▶ _Task brief_
Set down, exactly and only, everything from the line containing "MEDAILLON en argent" down to the line containing "Para la evacuación" in the data below; the pictures are not part of the copy.

▶ _Records for this exercise_
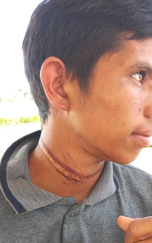 Por meio da imagem, é possível observar com clareza a marca do acidente em seu pescoço.
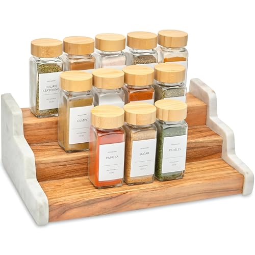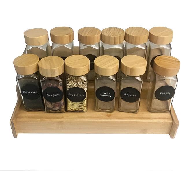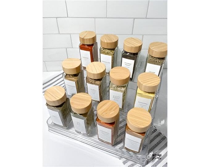 - An ideal choice for organizing spices with a touch of elegance in your kitchen, this 12-piece acrylic kit combines transparency for quick identification with a chic holder that elevates everyday cooking, appealing to serious home cooks who value every detail.
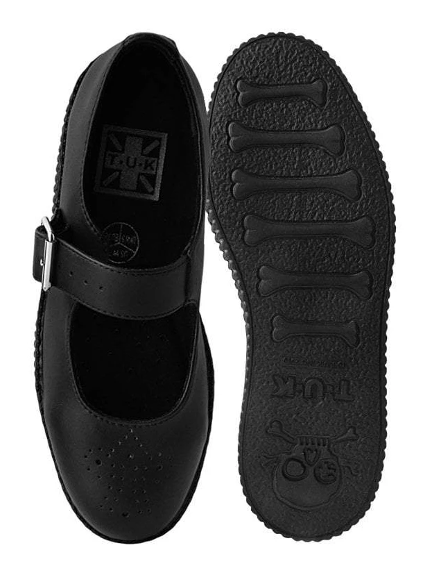 Perfect for the space in between casual and dressed up, these Viva II Mary Janes from T.U.K. never go out of style. Featuring a low platform height that is approximately 1.25โ at the heel and .75โ in the front and is made of a mixture of EVA and rubber that contributes to the soleโs bendability. The all-black upper made of high quality TUKskinโข material, a polishable synthetic faux leather that is both soft and breathable. Cute perforated detail at each toe. Comes with removable memory foam insoles for added comfort.
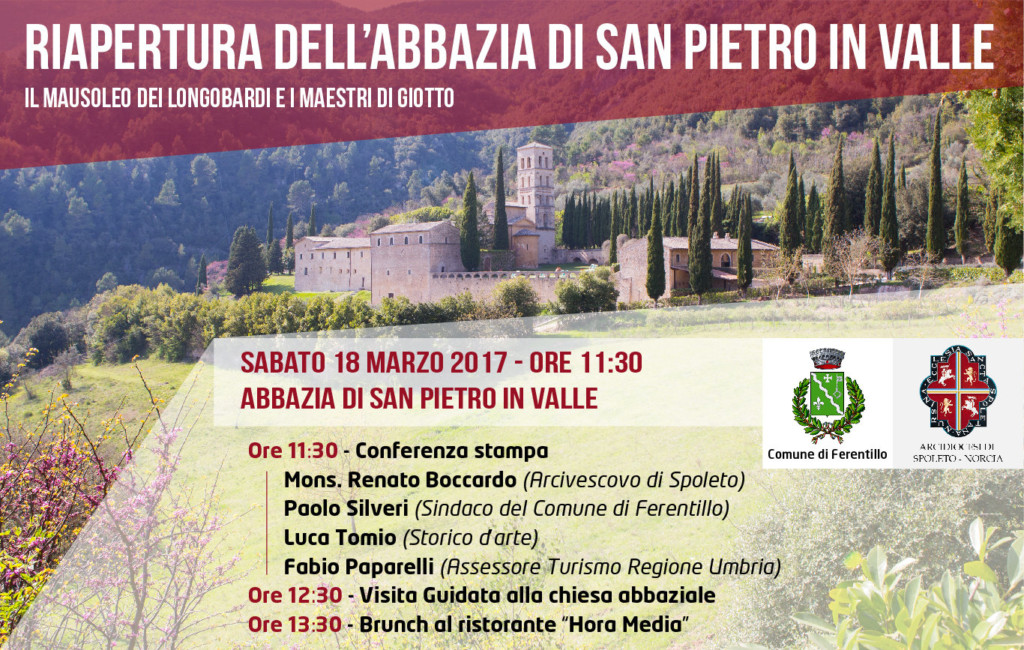 FERENTILLO – Riapre al pubblico la Chiesa abbaziale di San Pietro in Valle a Ferentillo, uno dei monumenti artistici più significativi dell’Umbria, al confine tra i territori di Terni e di Spoleto. All’evento della riapertura ufficiale presenzieranno l’Arcivescovo di Spoleto, S.E. Mons. Renato Boccardo, il Sindaco del Comune di Ferentillo, Paolo Silveri, l’Assessore al Turismo e Vicepresidente della Regione Umbria, Fabio Paparelli, e lo storico dell’arte Luca Tomio.
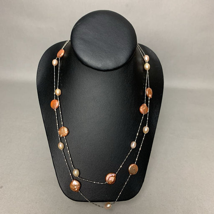 Peach Baroque Freshwater Pearl Station Necklace (50")
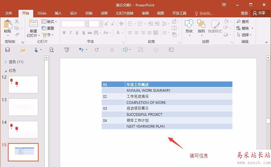 2、在表格內容,輸入文本信息,這里就以實際的工作PPT來進行,(為什么是插入表格,后續的作用會說到)。
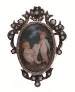 MEDAILLON en argent perles en semence et miniature à décor de putti. Époque fin du XIXe siècle. 3.5 x 2cm. PB 6.0 g.
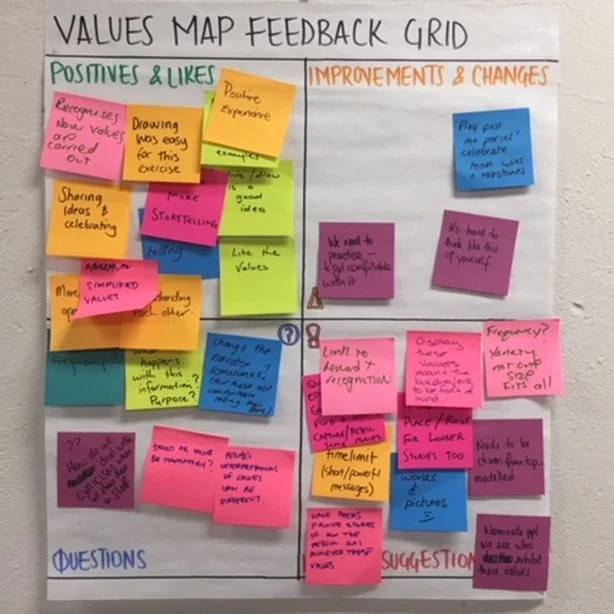 One of the tools we use at G2 Innovation to document and share learning (and avoid wasting resources) is the Feedback Grid. This can be used at the prototyping stage, but we also use it effectively after ideation when combined with other idea selection tools. The Feedback Grid allows teams, users and outsiders to evaluate an idea, providing positives, improvements, other ideas and ask questions in a non-confrontational and inclusive fashion.
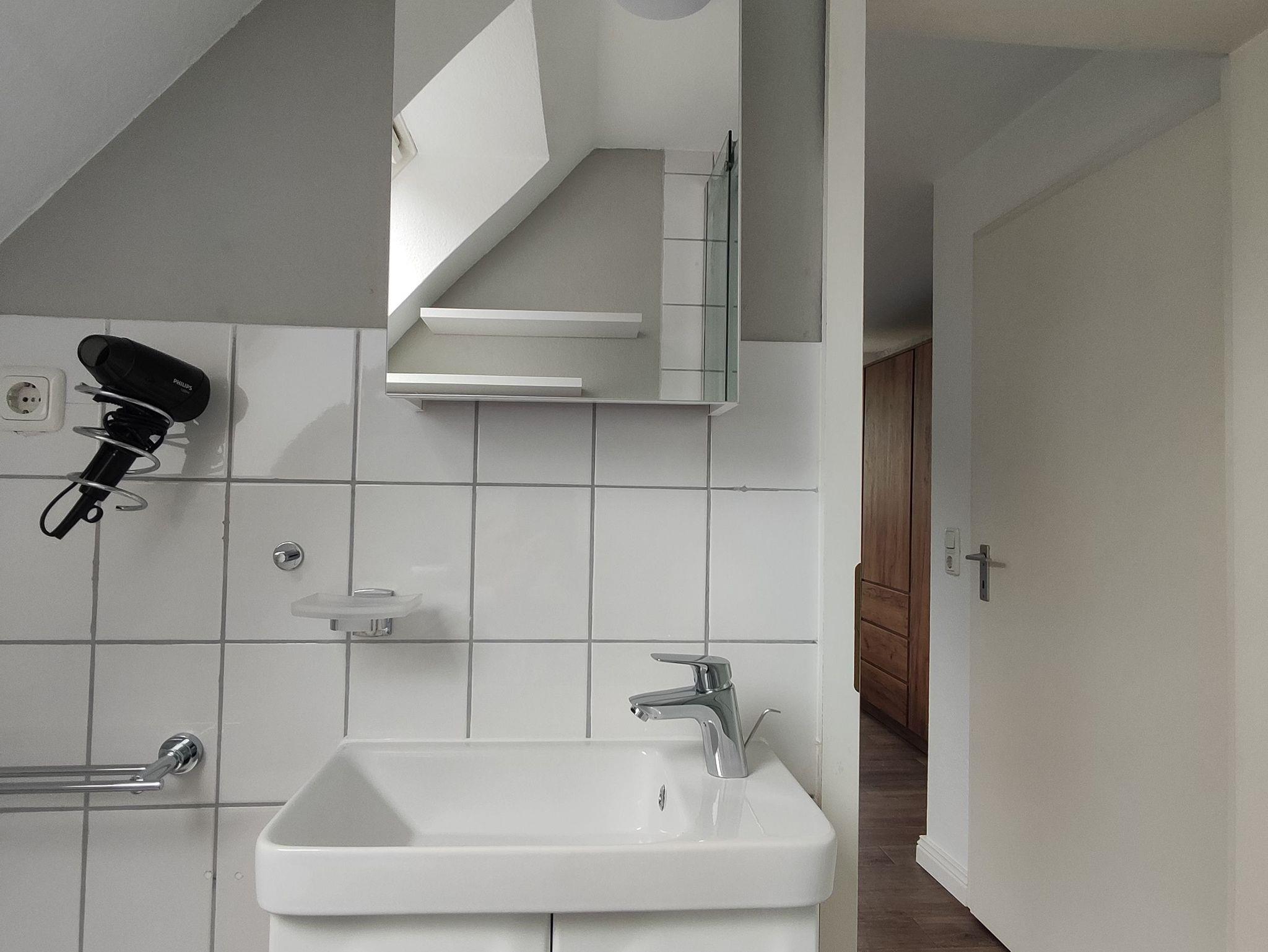 Sanitär: Föhn, Handtücher.
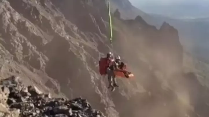 Para la evacuación se convocó a un helicóptero de una empresa privada de Bariloche, que dejó a los rescatistas en las inmediaciones y luego extrajo al deportista mediante una maniobra de alta complejidad: suspendido de una linga a varios metros de altura.
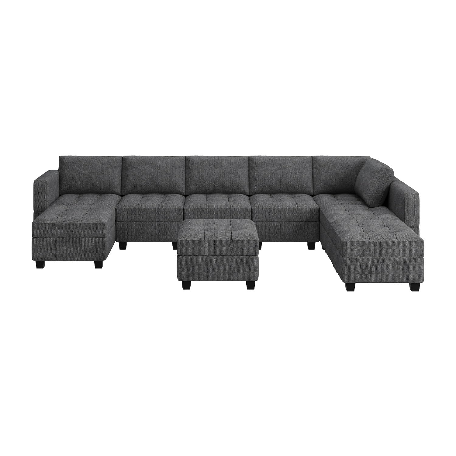 HONBAY U Shaped Modular Sectional Sofa with Storage Ottoman Sectional Couches for Living Room Dark Grey
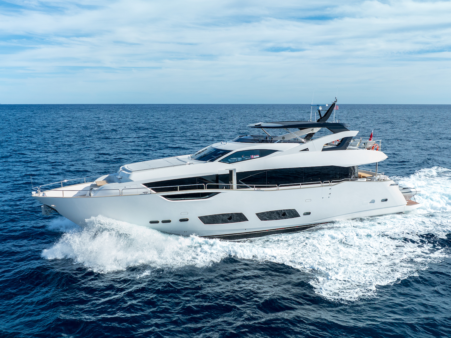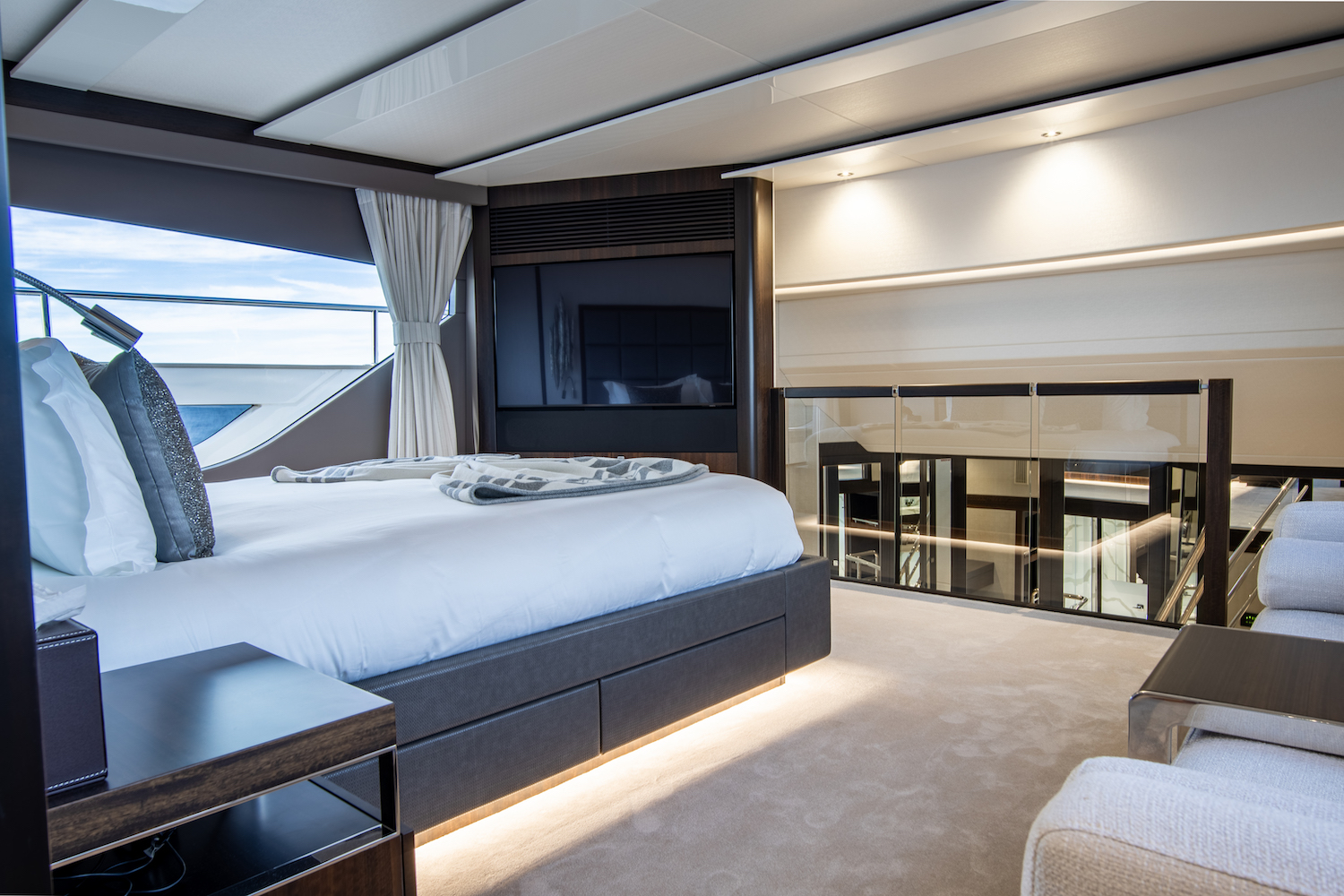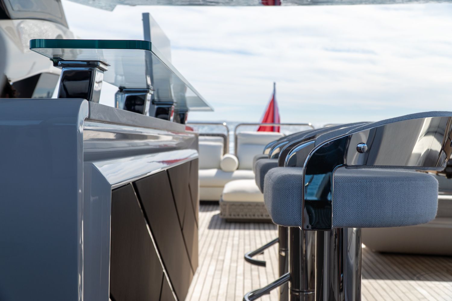 Above, the flybridge extends the social realm – featuring lounge seating, unobstructed views and space for sun soaking or evening cocktails under the stars.
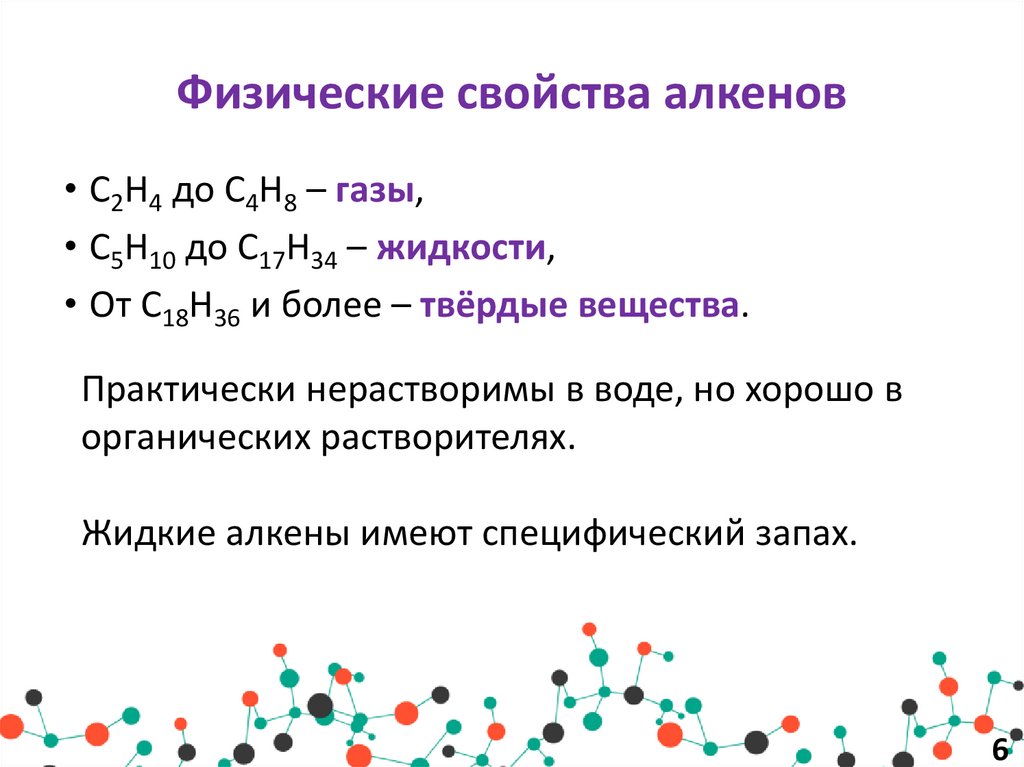 Физические свойства алкенов• C2H4 до C4H8 – газы,

▶ _Exercise answer_
 MEDAILLON en argent perles en semence et miniature à décor de putti. Époque fin du XIXe siècle. 3.5 x 2cm. PB 6.0 g.
 One of the tools we use at G2 Innovation to document and share learning (and avoid wasting resources) is the Feedback Grid. This can be used at the prototyping stage, but we also use it effectively after ideation when combined with other idea selection tools. The Feedback Grid allows teams, users and outsiders to evaluate an idea, providing positives, improvements, other ideas and ask questions in a non-confrontational and inclusive fashion.
 Sanitär: Föhn, Handtücher.
 Para la evacuación se convocó a un helicóptero de una empresa privada de Bariloche, que dejó a los rescatistas en las inmediaciones y luego extrajo al deportista mediante una maniobra de alta complejidad: suspendido de una linga a varios metros de altura.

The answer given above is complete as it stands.